# Festplattentür von 800D



## Zaucher (18. August 2010)

*Festplattentür von 800D*

Hallo,

Bin heute mit dem Fuß an die offene Tür der Festplatten (Front) hingekommen. Dabei sind wohl 2 Plastiknippel abegebrochen, wesshalb diese nicht mehr hählt.
Jetzt meine Frage:

Wo kann ich diese Ordern und vorallem was kostet der Spaß


----------



## ELPR1NC1PAL (19. August 2010)

*AW: Festplattentür von 800D*

Bitte mal CSGEurope@Corsair.com Anschreiben mit der Bitte um Ersatz, sollte für gewöhnlich kostenfrei abgewickelt werden  - aber kein Gewähr darauf 

Rechnungskopie, Adresse etc. mit beischreiben wohin es geliefert werden soll etc.


----------



## Zaucher (24. August 2010)

*AW: Festplattentür von 800D*

hab bis jetzt noch keine antwort von denen gekriegt. Ist das normal, oder sollte ich nochmal eine email losschicken


----------



## ELPR1NC1PAL (24. August 2010)

*AW: Festplattentür von 800D*

am besten nochmal, wenn die nicht beantwortet wird - liegt es am Spamfilter, dann melde dich nochmal dann werde ich mich direkt mal mit der RMA in Verbindung setzen.


----------



## Zaucher (27. August 2010)

*AW: Festplattentür von 800D*

Es hat immer och keiner geantwortet.
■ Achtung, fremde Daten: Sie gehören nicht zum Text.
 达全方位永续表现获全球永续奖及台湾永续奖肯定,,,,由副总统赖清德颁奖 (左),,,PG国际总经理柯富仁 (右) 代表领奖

Wäre klasse wenn du dich darum kümmern könntest


----------



## Bluebeard (27. August 2010)

*AW: Festplattentür von 800D*

Eine RMA über unsere Homepage hast Du zuvor beantragt? Dies ist immer der erste Schritt...


----------



## Zaucher (27. August 2010)

*AW: Festplattentür von 800D*

ok, das wusste ich nicht. Habs mal online ausgefüllt und um Ersatz gebeten.


----------



## Zaucher (7. September 2010)

*AW: Festplattentür von 800D*

Nach dem ich die RMA über die Homepage abgewickelt habe, hatte alles gepasst.
Hab heute meine Tür gratis bekommen.
Klasse Support


----------



## ELPR1NC1PAL (8. September 2010)

*AW: Festplattentür von 800D*

Alles klar  - danke für das Feedback


----------